WORK TO COMPLETE:
Return the data exactly, with all pictures removed.

*** Begin section ***

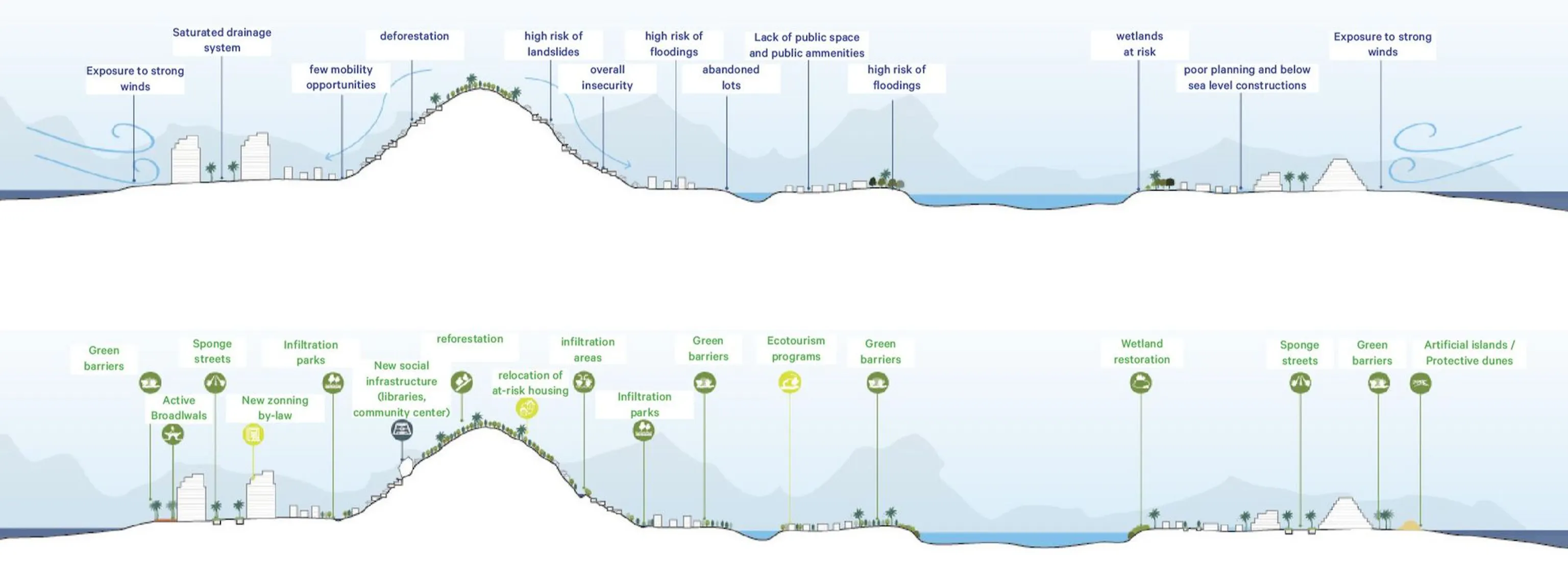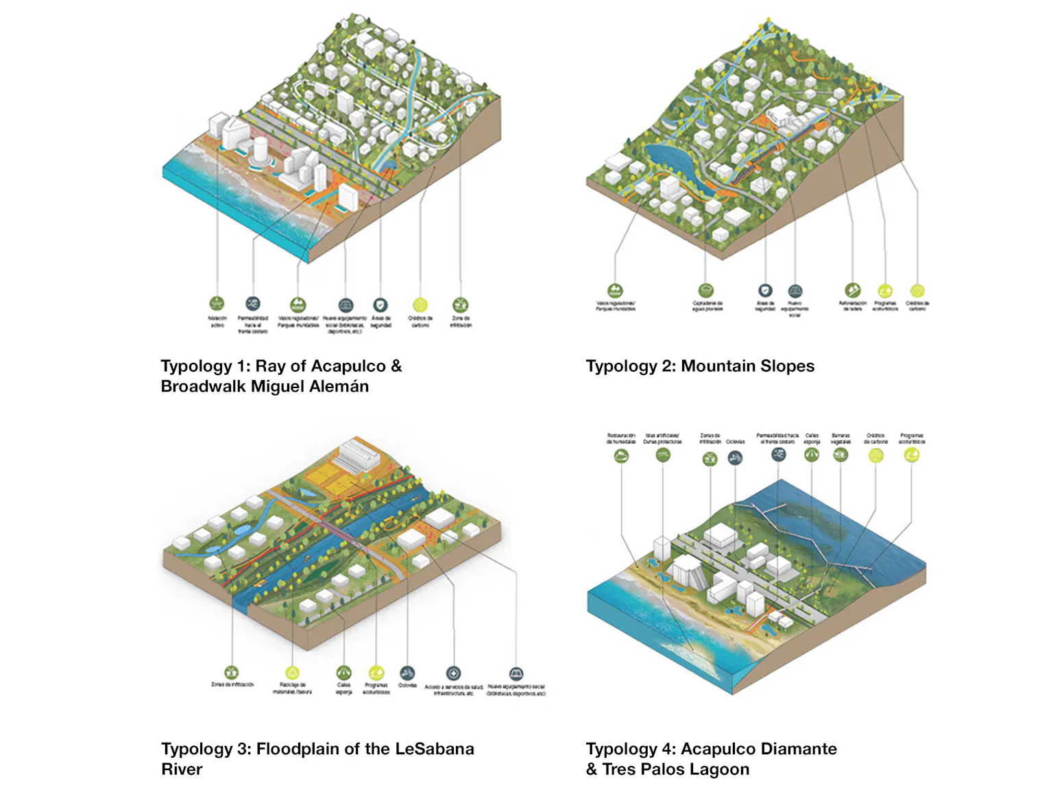 Our comprehensive resilience strategy rehabilitates the city's water system as the foundation for ecological, social, and economic recovery. Our competition proposal for the Mexican Urbanists Association emphasises nature-based solutions and community participation to address the growing threats of climate change while strengthening this iconic tourist destination.
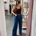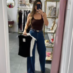 A modelo tem 1,73m e veste o tamanho M/L parte de cima e um 38/40 de parte de baixo.
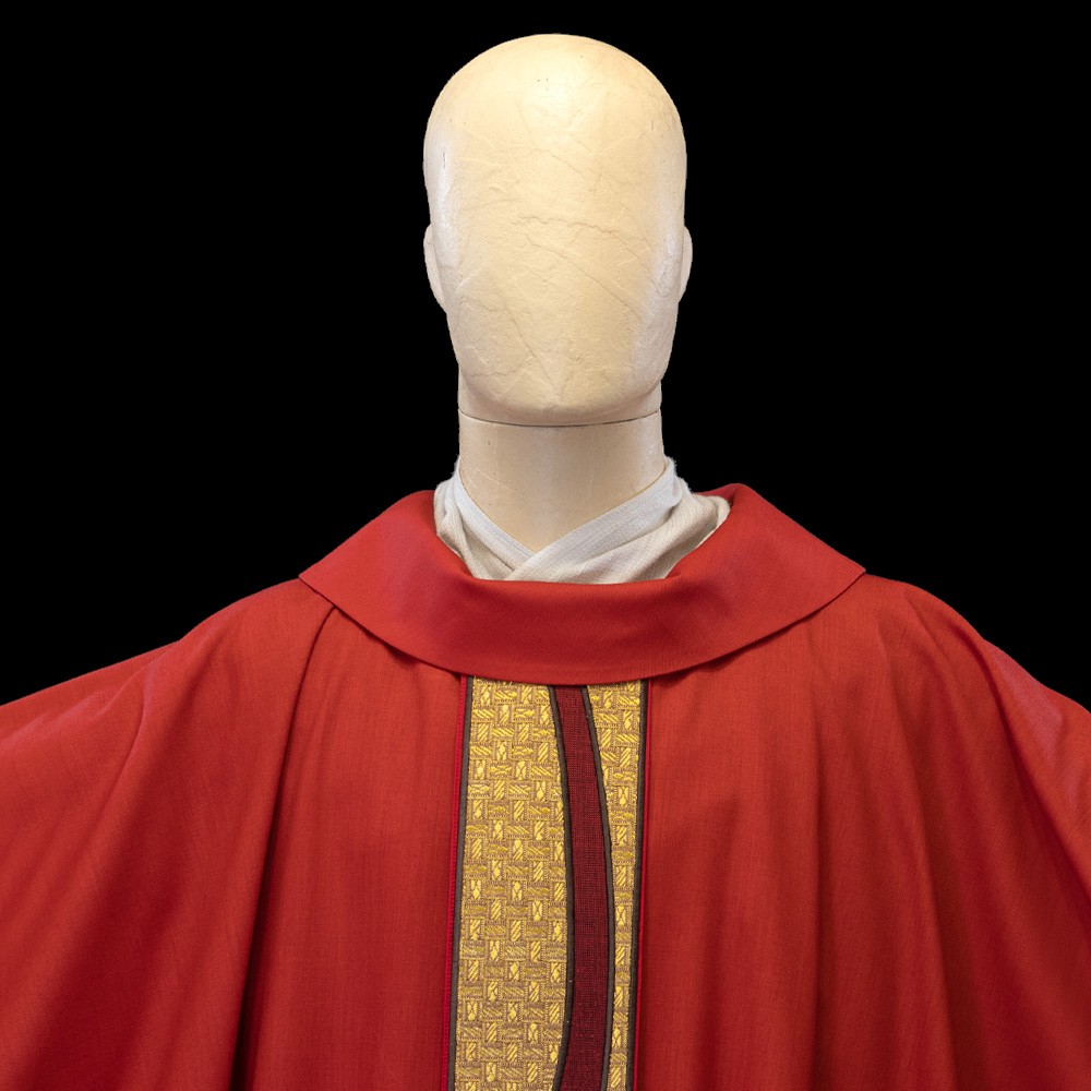 Lo stolone posto sopra il paramento sacro è realizzato e intrecciato a mano con la tecnica ad intarsio in velluto rosso e passamaneria dorata.
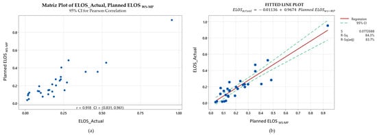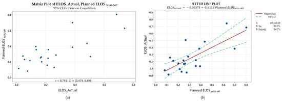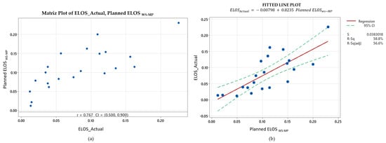 The group of supposedly self-supported stopes occupies an intermediate position. Although the empirical graph classifies them as stable without reinforcement, their field behavior resembles that of lightly supported excavations. When the planned ELOS with support is used as the predictor, the correlation reaches 0.767 and the adjusted R2 about 0.57, while the standard error tightens to 0.04 m (Figure 7). This finding echoes earlier observations by Stewart and Forsyth [] that Zone 1 of the Potvin chart can be optimistic in weaker lithologies: hanging-wall break is still largely controlled by local discontinuities even where empirical criteria suggest stability.
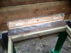 Если подкрышник используется в качестве односкатной крыши, то его закрепляют на стенке фасадной части улья с помощью петель, а на задней стенке он должен плотно фиксироваться к магазинной секции или к корпусу.
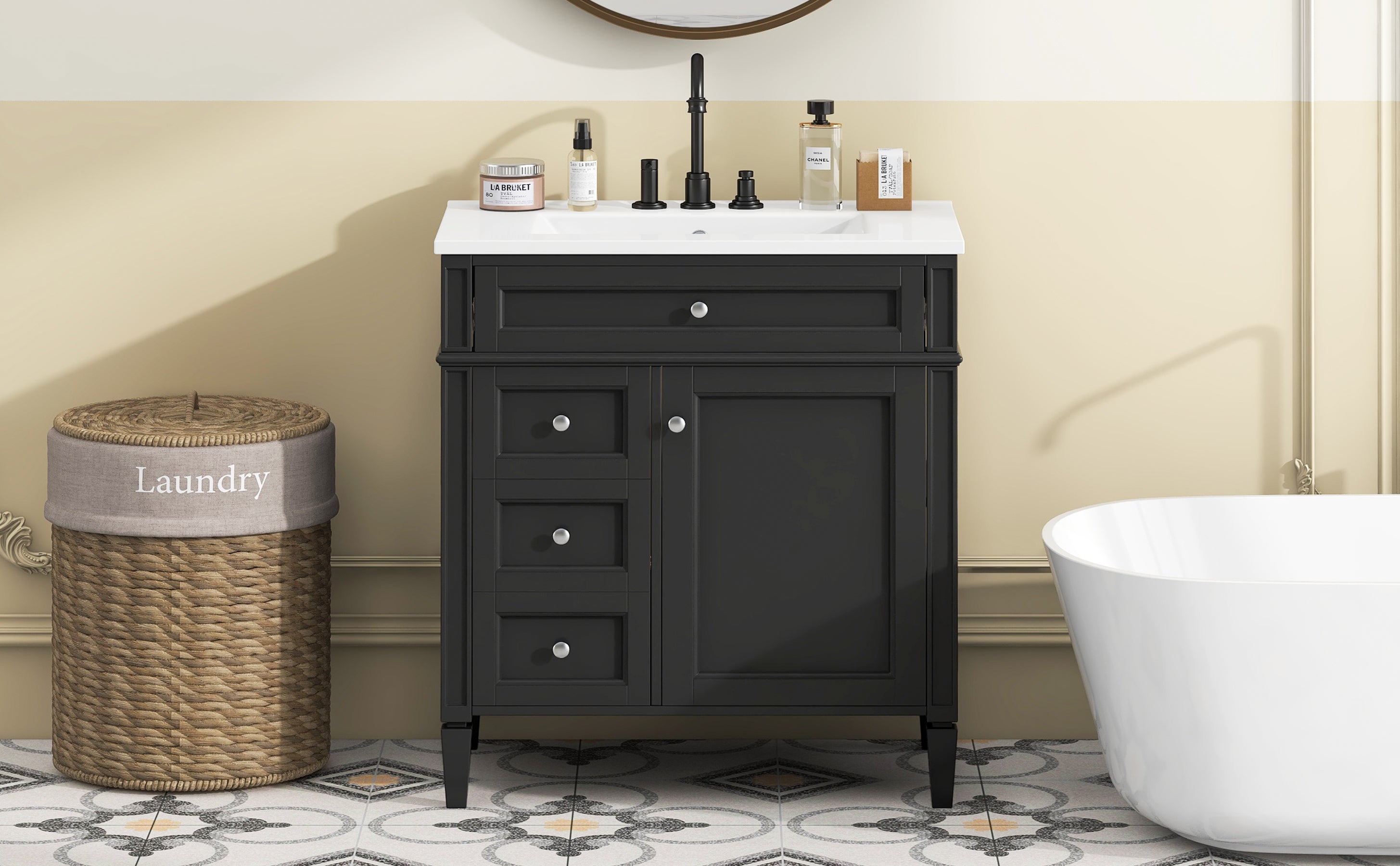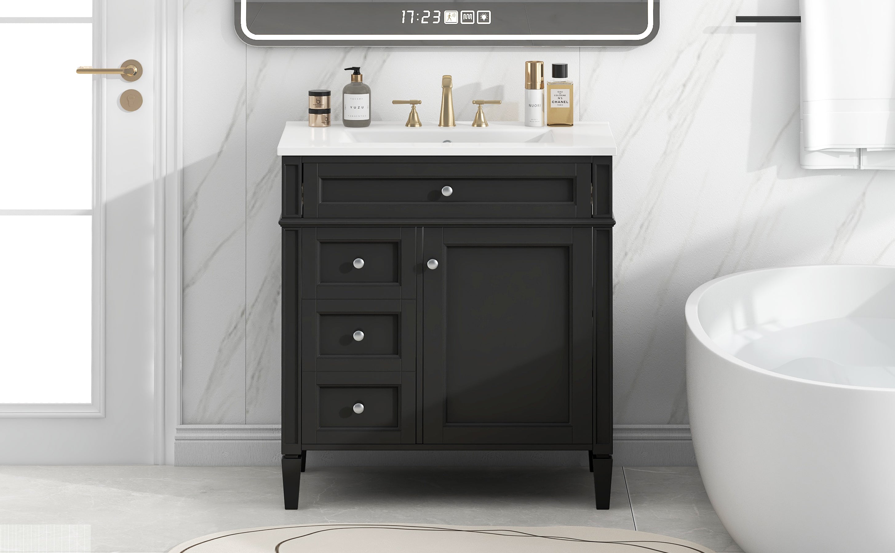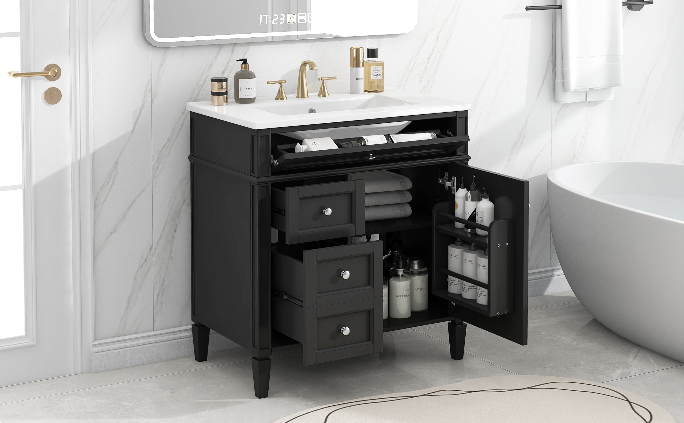 The cabinet design includes 3 drawers and a storage cabinet, providing abundant storage space to help you easily store bath towels, toiletries and other daily necessities. The drawer adopts a silent slide design, which opens and closes smoothly, greatly improving the user experience.
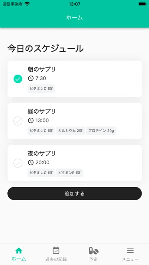 サプメイトは、あなたのサプリメント摂取を楽しくサポートするアプリです。毎日のスケジュール通りにサプリメントを摂取できたかどうかを記録し、うっかり忘れを防ぎます。
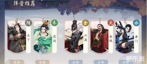 后排:六扇(金) 金钱(火) 唐门(水)。
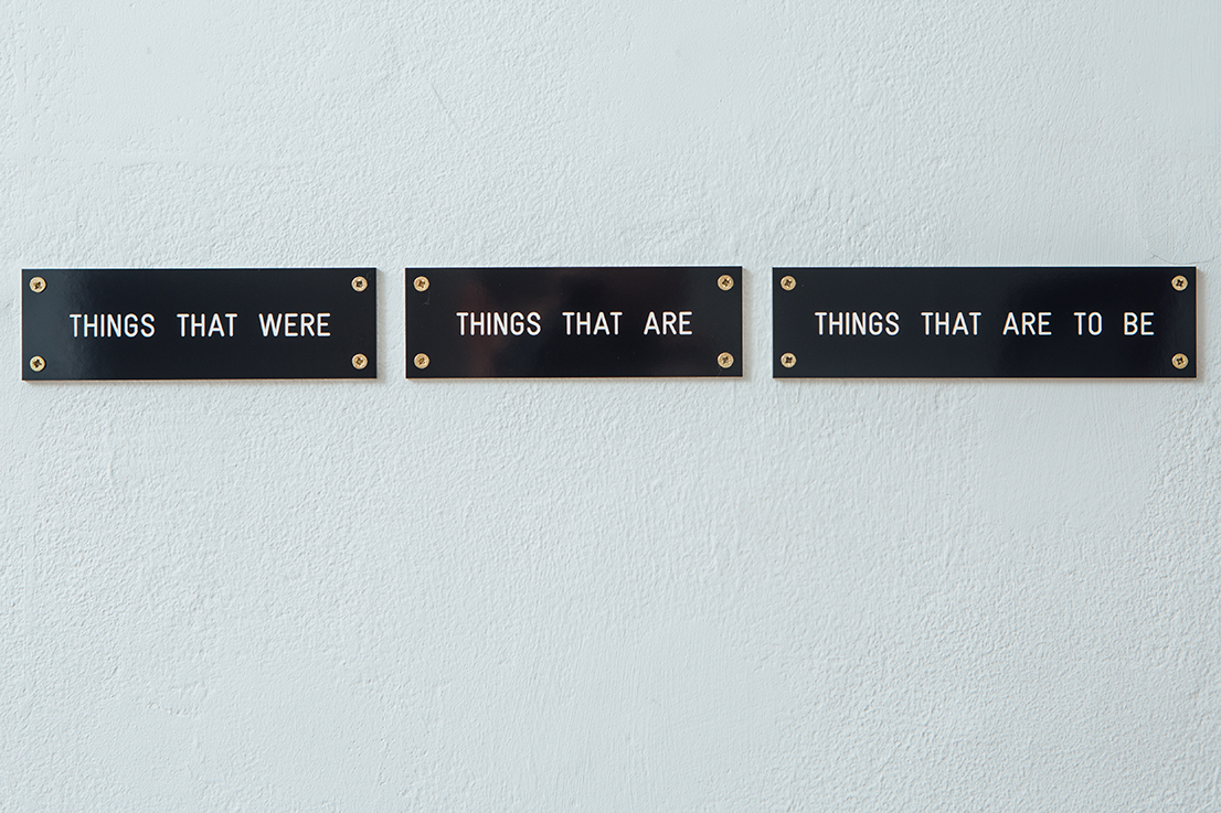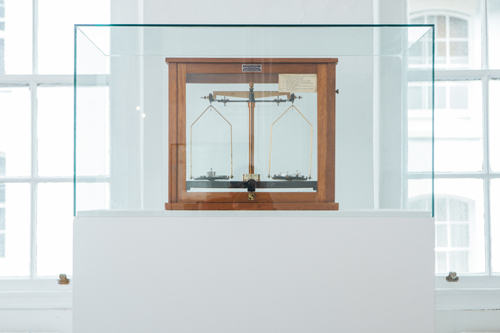 The Measure of a Man I (4 Fathoms) [Wool from one disassembled navy surplus pullover, spun into rope] | Creation of The Measure of a Man I (4 Fathoms) | The Measure of a Man II (For Herbert) [Electroformed copper feather, equivalent weight of coal grains on hanky] | 50000 x 1 mm wound Helios wool from naval jumper & 35mm orthographic film 9400 x 35mm wound film | Things That Were / Things That Are / Things That Are To Be [CNC Engraved Traffolyte] | Exhibition guide pages | Lachesis (The Allotter) [CNC milled aluminium sheet] | Brass Measures. Dated from 1721 | Hurt books I, II, II. Dated 1888–1891, 1902–1903, 1913–1914 | Set of Scales | Rations [Vacuum packed foodstuffs]. Believed to be 1971 but no accurate records |
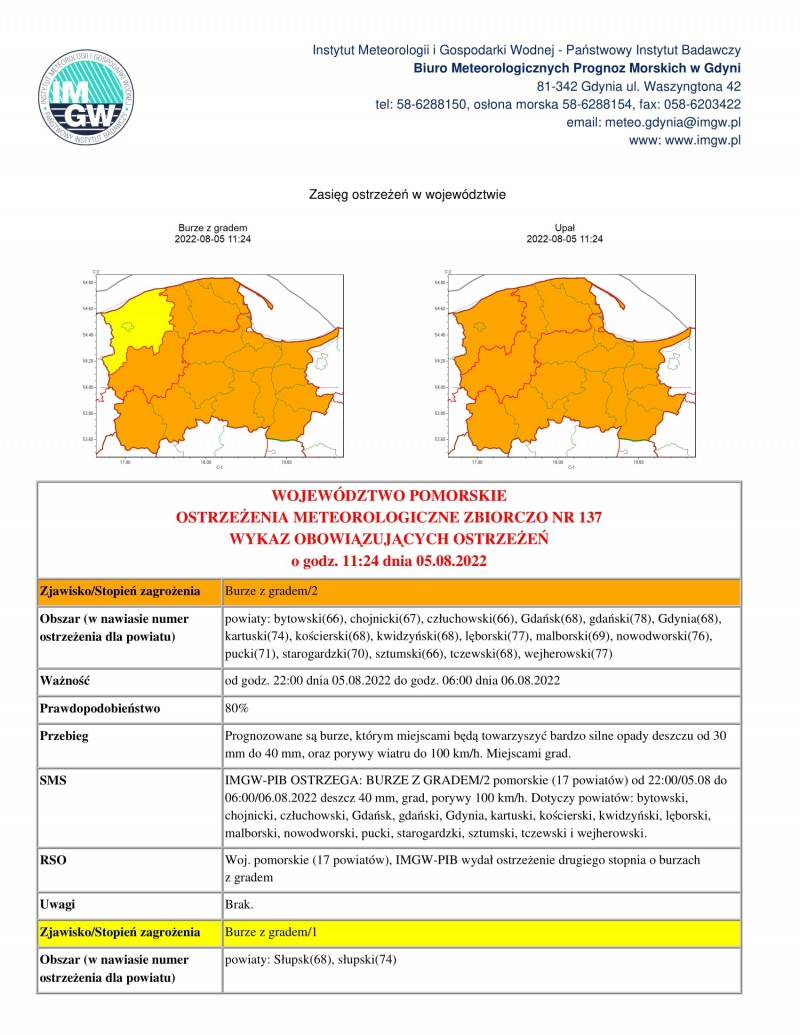 Burze z gradem - Ostrzeżenie meteorologiczne
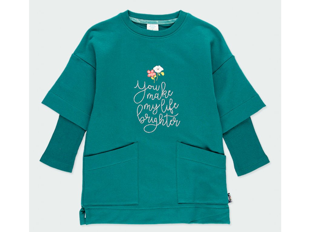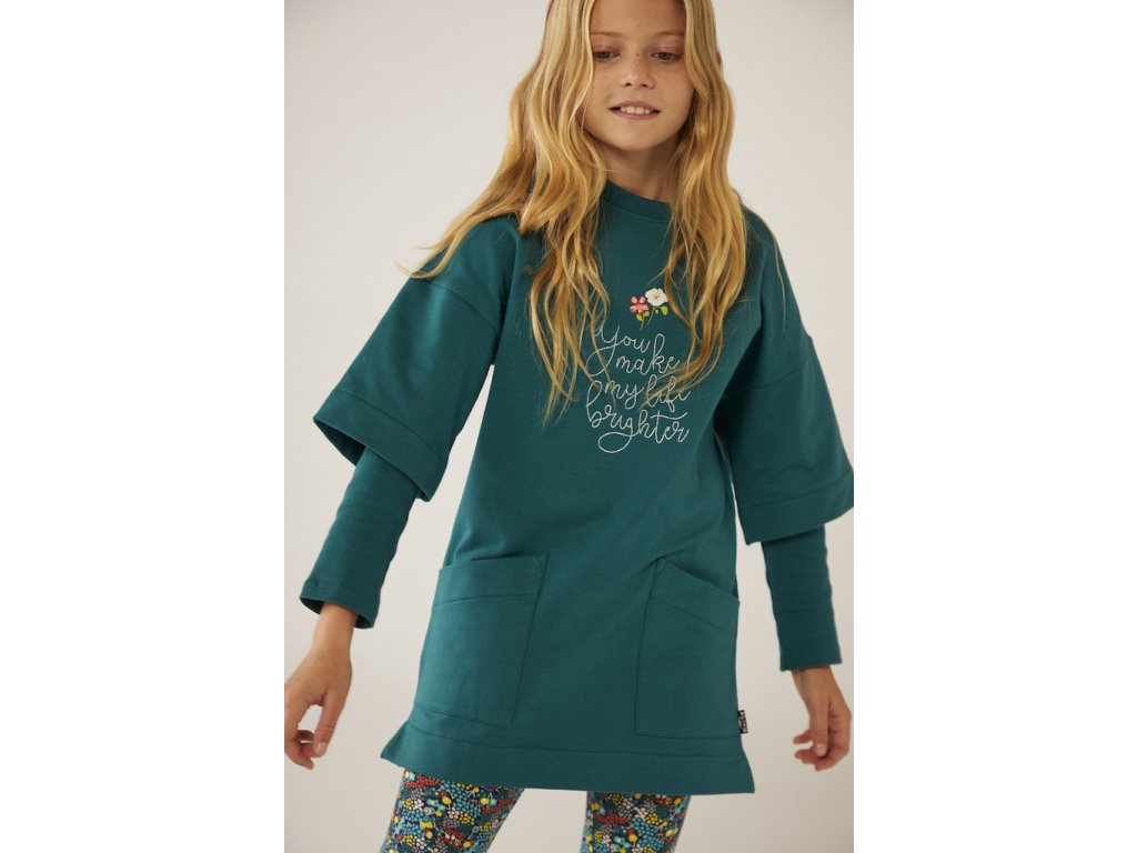 Tmavě zelené dívčí šaty s dlouhým rukávem či prodloužená mikina s velkými kapsami a zdvojeným rukávem (krátký přes dlouhý rukáv) s lurexovou výšivkou s pozitivním vzkazem. Velmi příjemná a pružná bavlna pro celodenní nošení

*** End section ***

WRITTEN SOLUTION:
 Our comprehensive resilience strategy rehabilitates the city's water system as the foundation for ecological, social, and economic recovery. Our competition proposal for the Mexican Urbanists Association emphasises nature-based solutions and community participation to address the growing threats of climate change while strengthening this iconic tourist destination.
 A modelo tem 1,73m e veste o tamanho M/L parte de cima e um 38/40 de parte de baixo.
 Lo stolone posto sopra il paramento sacro è realizzato e intrecciato a mano con la tecnica ad intarsio in velluto rosso e passamaneria dorata.
 The group of supposedly self-supported stopes occupies an intermediate position. Although the empirical graph classifies them as stable without reinforcement, their field behavior resembles that of lightly supported excavations. When the planned ELOS with support is used as the predictor, the correlation reaches 0.767 and the adjusted R2 about 0.57, while the standard error tightens to 0.04 m (Figure 7). This finding echoes earlier observations by Stewart and Forsyth [] that Zone 1 of the Potvin chart can be optimistic in weaker lithologies: hanging-wall break is still largely controlled by local discontinuities even where empirical criteria suggest stability.
 Если подкрышник используется в качестве односкатной крыши, то его закрепляют на стенке фасадной части улья с помощью петель, а на задней стенке он должен плотно фиксироваться к магазинной секции или к корпусу.
 The cabinet design includes 3 drawers and a storage cabinet, providing abundant storage space to help you easily store bath towels, toiletries and other daily necessities. The drawer adopts a silent slide design, which opens and closes smoothly, greatly improving the user experience.
 サプメイトは、あなたのサプリメント摂取を楽しくサポートするアプリです。毎日のスケジュール通りにサプリメントを摂取できたかどうかを記録し、うっかり忘れを防ぎます。
 后排:六扇(金) 金钱(火) 唐门(水)。
 The Measure of a Man I (4 Fathoms) [Wool from one disassembled navy surplus pullover, spun into rope] | Creation of The Measure of a Man I (4 Fathoms) | The Measure of a Man II (For Herbert) [Electroformed copper feather, equivalent weight of coal grains on hanky] | 50000 x 1 mm wound Helios wool from naval jumper & 35mm orthographic film 9400 x 35mm wound film | Things That Were / Things That Are / Things That Are To Be [CNC Engraved Traffolyte] | Exhibition guide pages | Lachesis (The Allotter) [CNC milled aluminium sheet] | Brass Measures. Dated from 1721 | Hurt books I, II, II. Dated 1888–1891, 1902–1903, 1913–1914 | Set of Scales | Rations [Vacuum packed foodstuffs]. Believed to be 1971 but no accurate records |
 Burze z gradem - Ostrzeżenie meteorologiczne
 Tmavě zelené dívčí šaty s dlouhým rukávem či prodloužená mikina s velkými kapsami a zdvojeným rukávem (krátký přes dlouhý rukáv) s lurexovou výšivkou s pozitivním vzkazem. Velmi příjemná a pružná bavlna pro celodenní nošení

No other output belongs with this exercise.